Calculus is Your Friend

I’m not going to teach you calculus here. There are several great YouTube introductions if you’re interested, but I don’t think you need to know calculus to follow this essay.

Calculus deals with change and is fundamentally based on time.

I don’t mean that all calculus problems include time in the equations. Calculus is a way to express how one quantity changes instantaneously with respect to another quantity. Often that second quantity is time, but often it isn’t. You may want to know how the steepness of a hill changes from one spot to another on the hill. The steepness is a function of the location. Time has nothing to do with it.

Still calculus always involves time.

The way we design a calculus equation is through something called a limit. By using the limit concept, we can see what the value of an equation approaches as some quantity approaches a fixed value, usually zero. The beauty of the method is that if we can’t define the equation at some precise point, we can still determine what the equation approaches as we get closer and closer to that point. We then define the equation as having the approached value at the point.

If this seems like a lot of handwaving, you’re in good company. Very smart people have been troubled by this for centuries. However, it works. The answers we get describe the real world around us.
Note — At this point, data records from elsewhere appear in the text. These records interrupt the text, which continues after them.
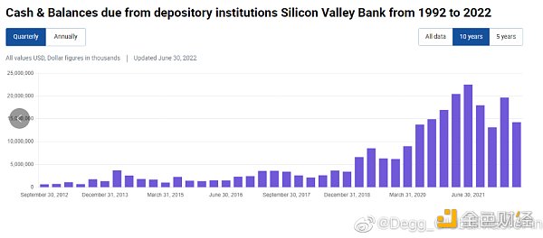 2020年下半年疫情担忧褪去后而美联储仍在承诺维持0利率很长时间,量化宽松持续进行,通胀也见不到影子,全球迎来了科技企业的融资热潮期,startups贷款和风投额度的快速增长使科技初创企业手里积累的大量的现金和存款,而这些存款很大程度流入了Silicon Valley Bank(下简称SVB)这一硅谷最重要的、也是全美前20大的银行。2020年6月至2021年12月的一年半期间,SVB的存款由760亿美元上升到超过1900亿美元,增幅接近2倍(图1)。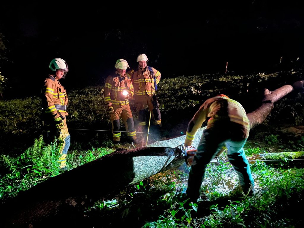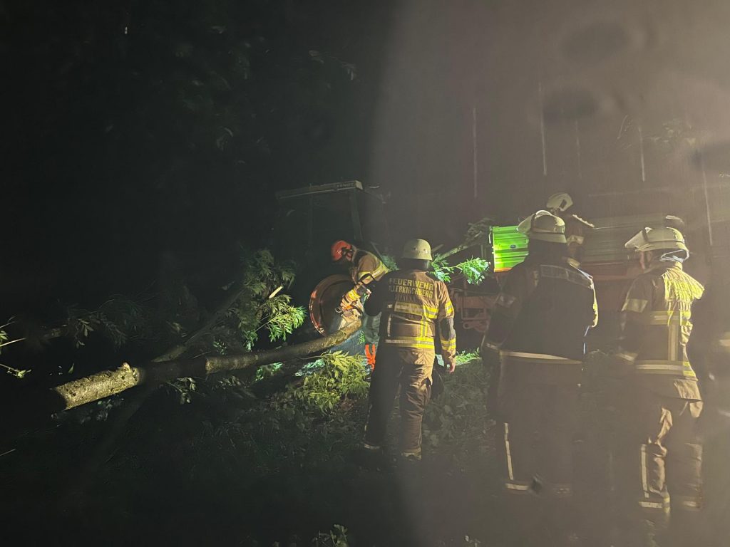 Nach dem Gewitter vergangene Nacht mussten zahlreiche Bäume und Äste von Straßen und Wegen beseitigt werden. Dazu kam noch eine gemeldete Rauchentwicklung im Freien.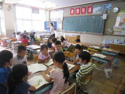 1年3組では,「おおきなかぶ」の音読に取り組んでいます。今日は,音読の役割を決めようとしていました。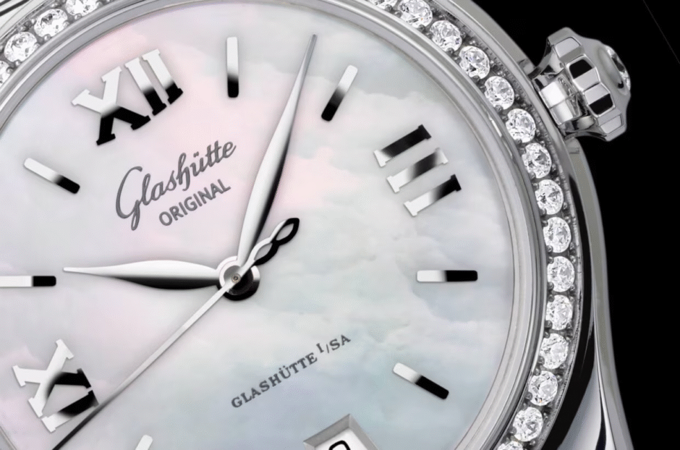 1-39-22-08-22-44 Glashutte This Watch comes with 36 mm Stainless steel case. Fixed Stainless steel bezel set with diamonds. Crown with brilliant-cut diamond (approx. 0.1 ct.). Mother-of-pearl silver dial. Silvery hour hands. Silvery Roman numerals and silvery applied hour markers. Roman numerals appear at the 3, 9 and 12 o’clock positions. Central second hand. Window for displaying the date at 6 o’clock. The watch performs following functions: hours, minutes, seconds,date. Self-winding mechanical movement is powered by a ?alibre 39-22. Power reserve approximately 40 hours. Case Thickness – 10.2 mm. Case back is transparent. Sapphire crystal protects front and back side of the watch. White/beige calfskin leather strap with tang clasp buckle. This model is water-resistant up to 50 m. Â

*My* point is that calculus involves the term “approaches”. This is a temporal term. If you are calculating the steepness of the hill based on where you are on the hill, the calculus equation, though it has no ‘t’ for time in it, is still fundamentally based on the temporal concept of a value approaching another value. You can’t approach anything without time. If there were no time, calculus wouldn’t exist.

This isn’t surprising to me. Calculus calculates change. There is no change without time. In the example of the hill, time is involved in moving from one place to another. The steepness of the hill isn’t changing anywhere. It’s fixed at every point. It’s your experience of steepness that changes as you move on the hill.

Time is fundamental to our experience of our world, even if we aren’t exactly sure what time is (See the later essay, “Duration”). For me, this implies that calculus, more than other parts of mathematics, is based on our personal, human experience of the world. Despite its more forbidding reputation, calculus is actually warmer and fuzzier than arithmetic. Maybe even more friendly.